GARCIA-NAVARRO: We drove across the border in the pouring rain to the reservation of the Lummi nation just over 20 miles south. The rain had stopped when we got there. But the wind was fierce, making the waves choppy. The Pacific Northwest has erratic weather and treacherous waterways. And for Jay Julius, an elected council member for the Lummi Nation, more boats going through the area increase the likelihood of a spill.

JAY JULIUS: A pipeline leak, an oil spill knows nothing about boundaries. It has no idea when it's entering or about to leave a reservation.

GARCIA-NAVARRO: The Lummi make their living from the sea. And an oil spill would devastate their economy.

JULIUS: We have hatcheries, aquaculture, salmon hatcheries. We hunt these waters. It feeds their families in the winter. It feeds our longhouses, our smokehouses, our ceremonial needs.

GARCIA-NAVARRO: Canada's government says it's put $1.5 billion towards oil spill response training and equipment. But for Washington state Governor Jay Inslee, it's not enough.

JAY INSLEE: I'm appreciative of Prime Minister Trudeau's efforts to boost the oil spill recovery capacity. That's a good thing. But the fact of the matter is there's no power on earth that can actually save you from just devastation from an oil spill.

GARCIA-NAVARRO: Both the Lummi and the state of Washington are on the sidelines of this fight, though. It's the First Nations in Canada who can stop the project. And many oil, gas, mineral and coal projects have been derailed over the past few years in court cases brought by indigenous groups there.

Jeff Brady covers energy for NPR. He's reported on the Keystone XL project, a pipeline extension that was also designed to unlock Alberta oil.

JEFF BRADY, BYLINE: This was supposed to be one of those no-brainer pipeline projects that would just take a couple of years to get approved and built. But that was 10 years ago. And President Obama finally rejected it in 2015. I was in Alberta then. And the people I talked to were really stunned. They just were very worried about how it would affect the local economy. A lot of jobs were dependent on being able to get that oil out of Alberta and down to the Texas Gulf Coast for - where it can be processed.

And that decision has hurt the growth of the oil sands business in Canada. Some big players like Royal Dutch Shell have pretty much pulled out of that business. It has not grown as quickly as it would have otherwise. But now President Trump's administration has approved the pipeline.
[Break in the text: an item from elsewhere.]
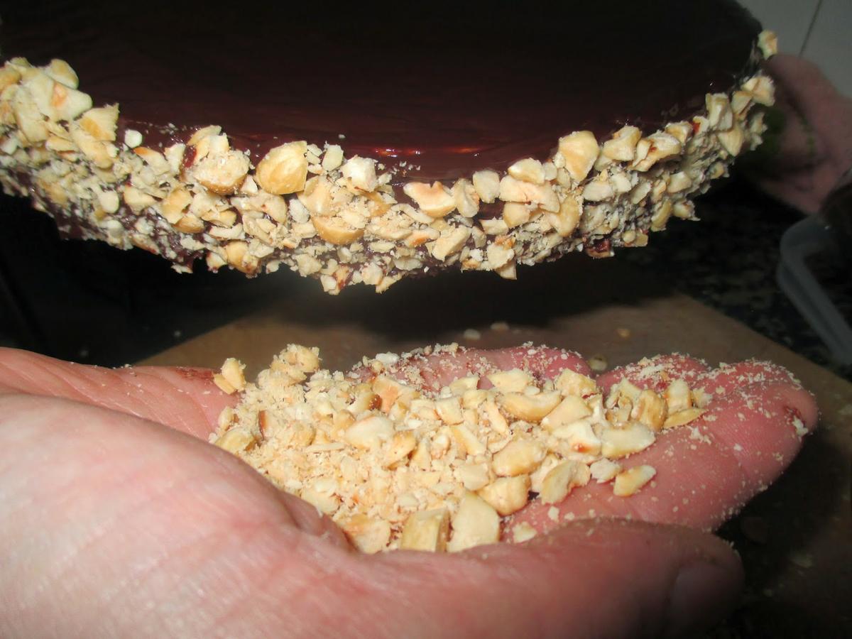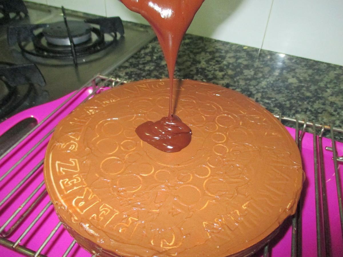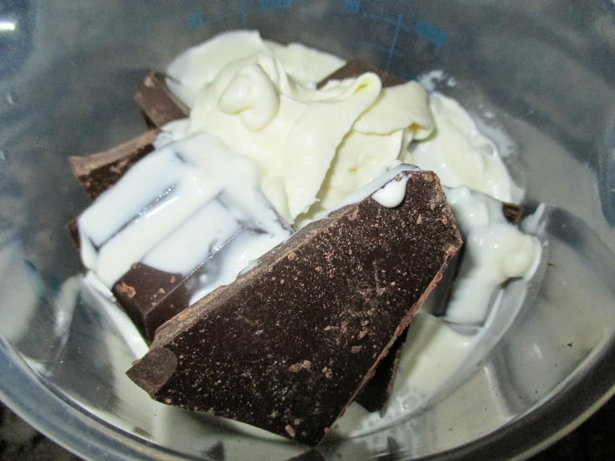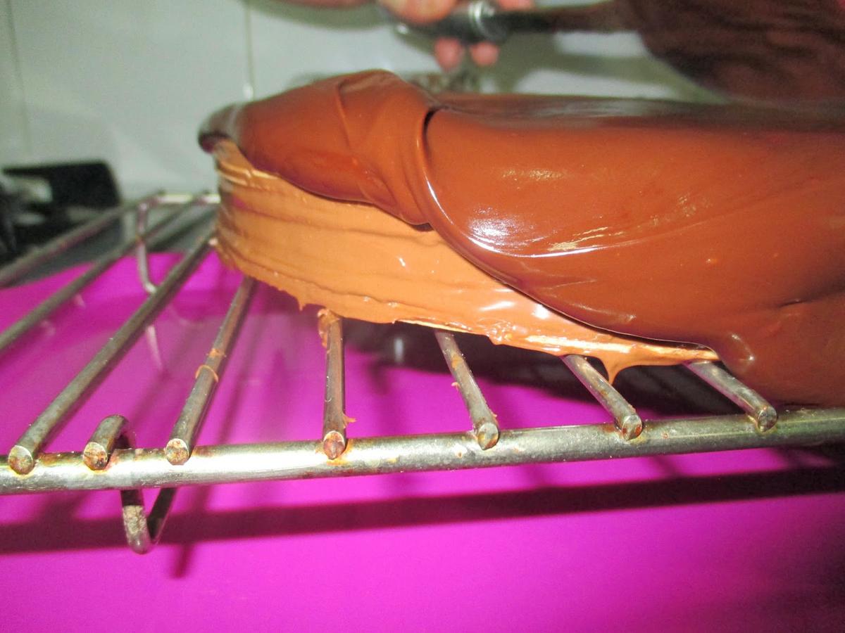 Calentamos la nata (crema de leche) y el chocolate con cuidado de que no se nos queme, hasta que el chocolate se disuelva totalmente y volcar sobre la tarta para cubrirla.
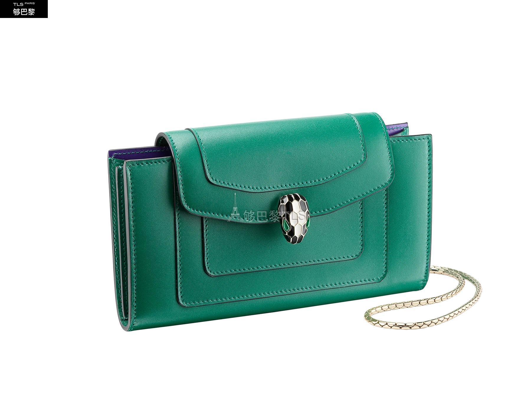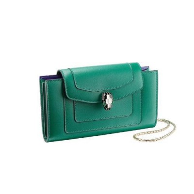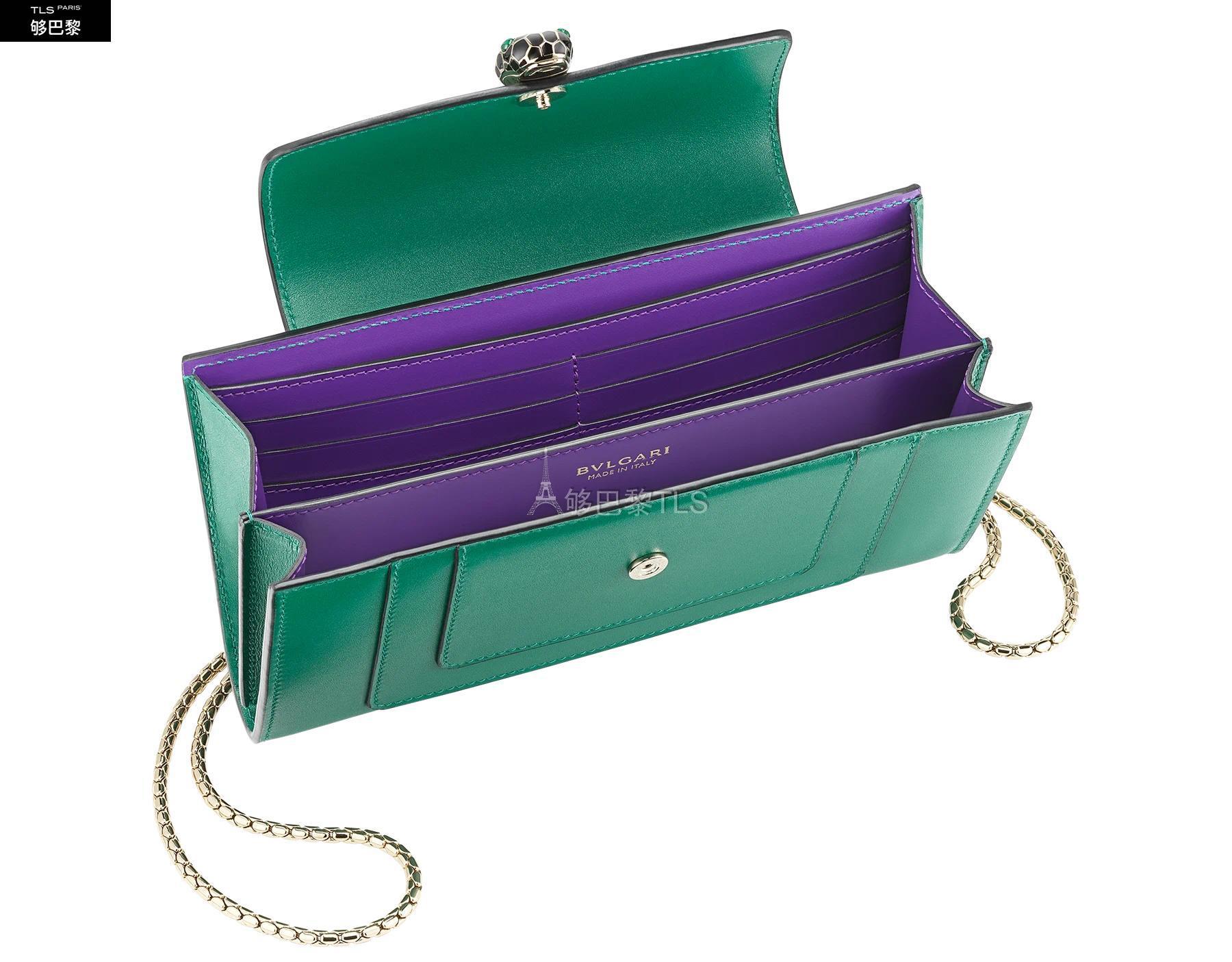 Pochette Serpenti Forever en cuir de veau vert émeraude a l’exterieur et couleur violet Petunia a l’interieur. Fermoir Serpenti en laiton dore et email noir et couleur blanc Agate avec yeux en malachite. Une chaine en forme de serpent amovible, deux compartiments a soufflet dont un pour smartphone, une poche ouverte et huit emplacements cartes de credit completent l’ensemble. Dimensions : 19 x 11,5 x 3,5 cm.

But TransCanada, the company behind the project, still hasn't made a final decision. The company says an announcement on that is coming soon. But the oil prices are a lot lower now. And it's not clear if the pipeline still makes economic sense.

GARCIA-NAVARRO: One of the things that we've seen is First Nations, Native American tribes have come out in the forefront of their opposition to energy projects on both sides of the border. How's this played out?

BRADY: You know I've been watching this for a long time now. And what I've noticed is that indigenous people on both sides of the border - on the Canadian side, on the U.S. side - they're getting a lot more organized about environmental issues and about energy production issues. And they have a much stronger voice in how countries are deciding, you know, which fossil fuels they're going to develop and which are going to be left in the ground.

And I think a big example of that in the U.S. was the Dakoda Access Pipeline last year. We saw the the protest organized by the Standing Rock Sioux in North Dakota. And in that case, they really only delayed the pipeline construction. But that's kind of a victory in itself. Because if you think of the Keystone XL, it shows that if you delay a pipeline long enough that project may never get built.

GARCIA-NAVARRO: That's NPR's Jeff Brady.

For its part, Kinder Morgan says it's behind schedule. But it is committed to the Trans Mountain pipeline expansion.